Evo Morales Ayma, l’indigeno venuto dal “nulla”, vince le elezioni boliviane con oltre il 63% dei voti al primo turno: da far tremare i polsi ai teorici del consenso plebiscitario di casa nostra. Vince la politica della partecipazione e del “buen vivir”.
[di Giuseppe De Marzo – A Sud. Pubblicato su Carta.org il 9/12/09]
Chi l’ha detto che non si può cambiare? Chi l’ha detto che non si può mettere in atto un processo di trasformazione sociale profondo e radicale? Chi l’ha detto che non si possono conquistare nuovi diritti? Chi l’ha detto che i movimenti sociali non possono incidere veramente e guidare processi di cambio? Chi l’ha detto che non si può partecipare alla politica ed essere protagonisti del proprio futuro?

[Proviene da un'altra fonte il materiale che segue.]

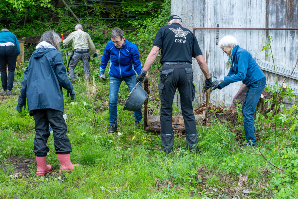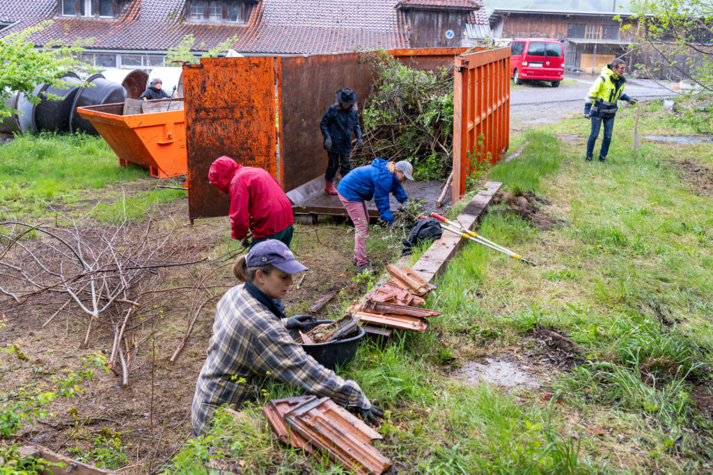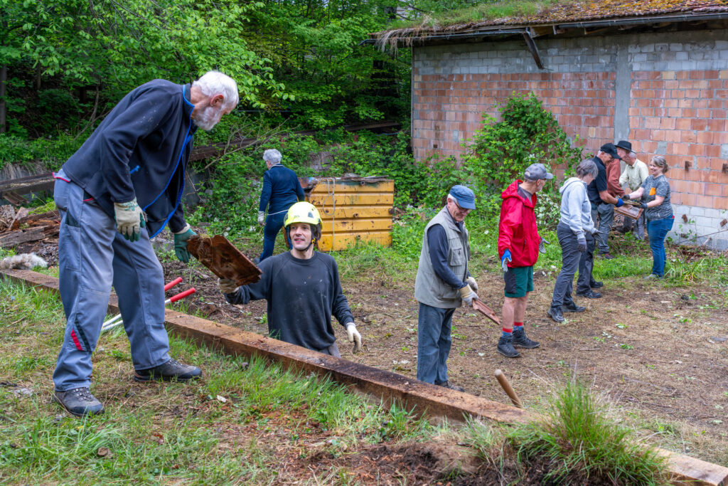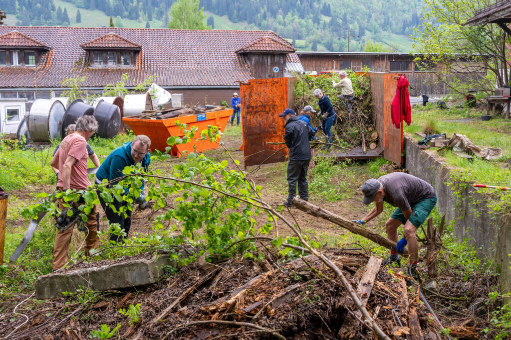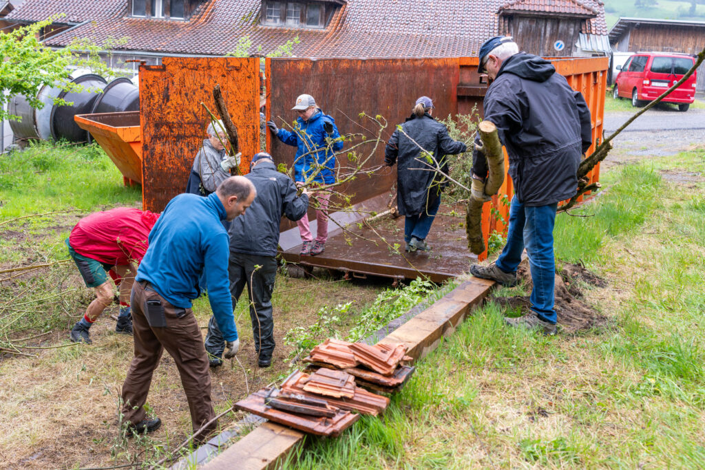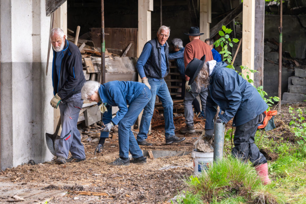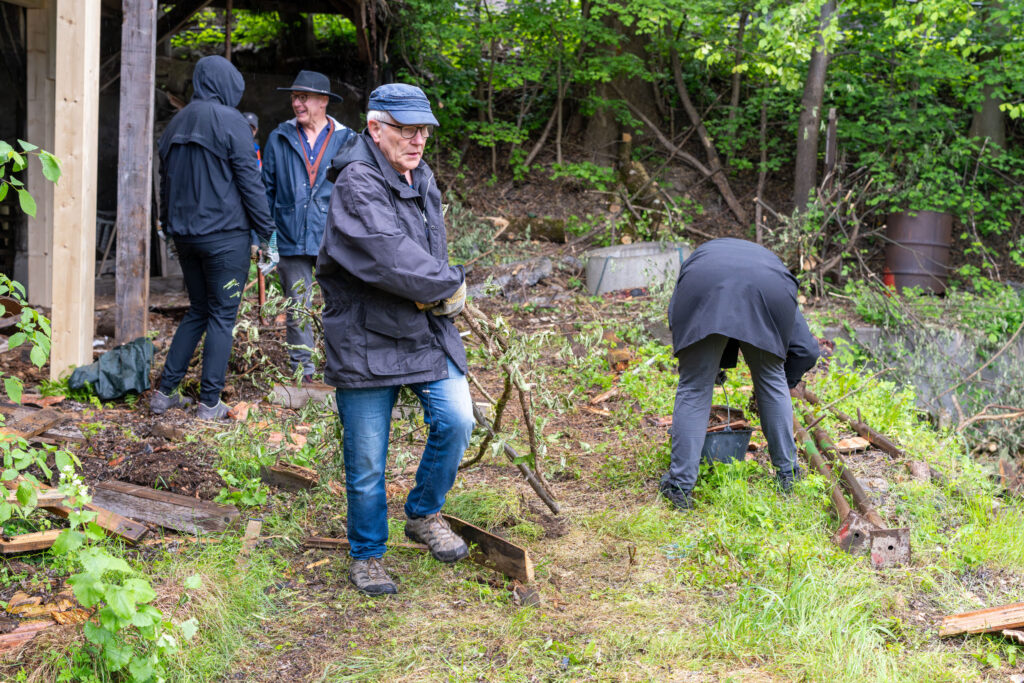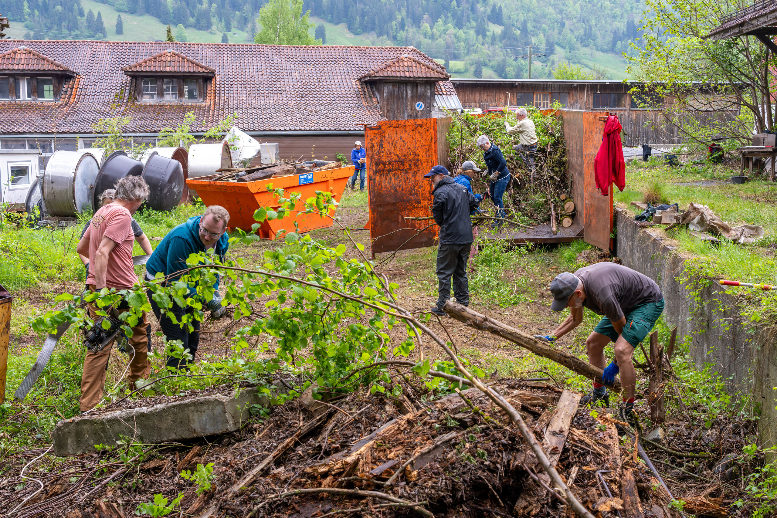 Rund dreissig freiwillige Helferinnen und Helfer haben am Samstag, 3. Mai, auf dem brachliegenden Gelände der Firma Seeberger & Jordi die zukünftige Bühne des nächsten Freilichttheaters von Grünzeug, Holzlatten Metallstangen und vielem mehr befreit. Dank des grossen Engagements aller war das Werk bereits am Mittag vollbracht. Mit einem gemütlichen Mittagessen wurde der grosse Arbeitseinsatz belohnt und der erste Schritt zur Realisierung des Bühnenbildes war getan.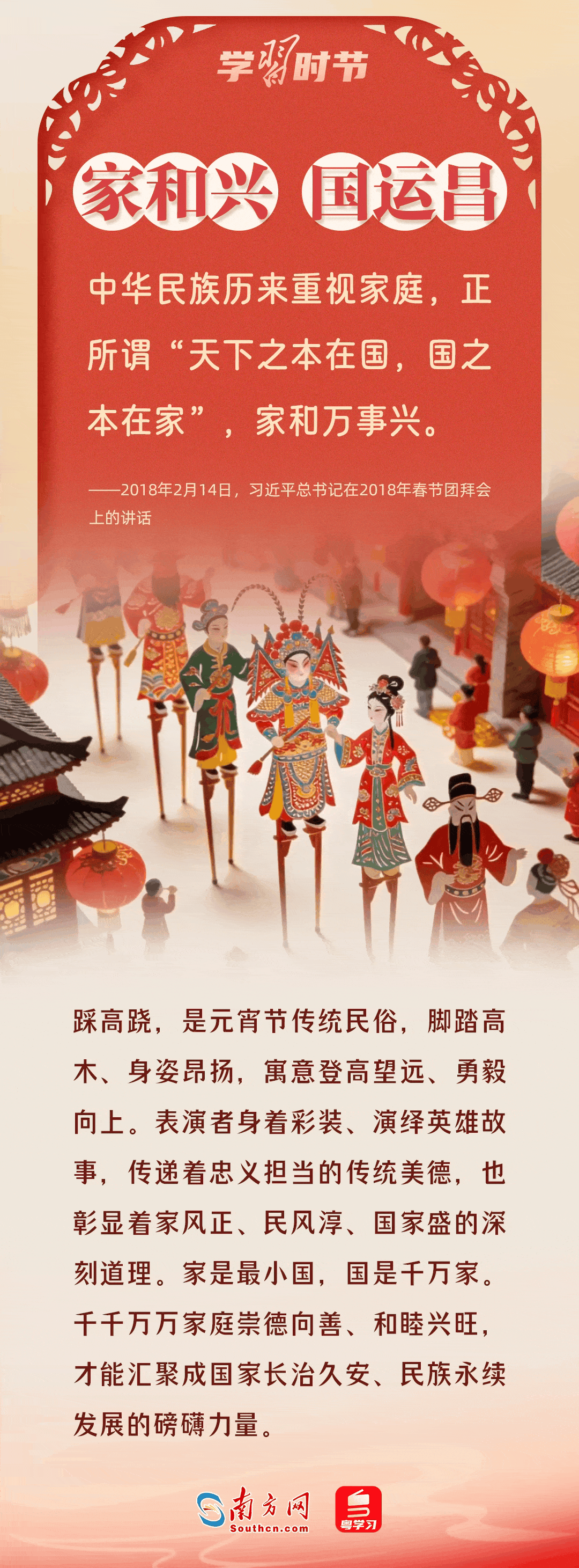 “每個‘小家’熱氣騰騰,中國這個‘大家’就蒸蒸日上?!奔彝サ睦渑瘹g,始終與國家民族的前途命運緊緊相連。總書記多次深情寄語,深刻道出家與國休戚與共、血脈相依的深厚聯(lián)結(jié)。

Chi l’ha detto che bisogna sempre e solo essere realistici e pragmatici, anche quando questo si traduce in un arretramento verso il baratro? Chi l’ha detto che è troppo tardi?
Chi ha detto tutto questo oggi vive male, forse malissimo, la straordinaria vittoria del “Buen Vivir” in Bolivia, rappresentata dal primo presidente indigeno dell’America del Sud, Evo Morales Ayma. Una vittora con oltre il 63% dei voti, al primo turno: da far tremare i polsi ai teorici del consenso plebiscitario di casa nostra, sempre impegnati a sbandierare sondaggi inverosimili che hanno come unico scopo l’autoconvincimento (o l’autorimbambimento?).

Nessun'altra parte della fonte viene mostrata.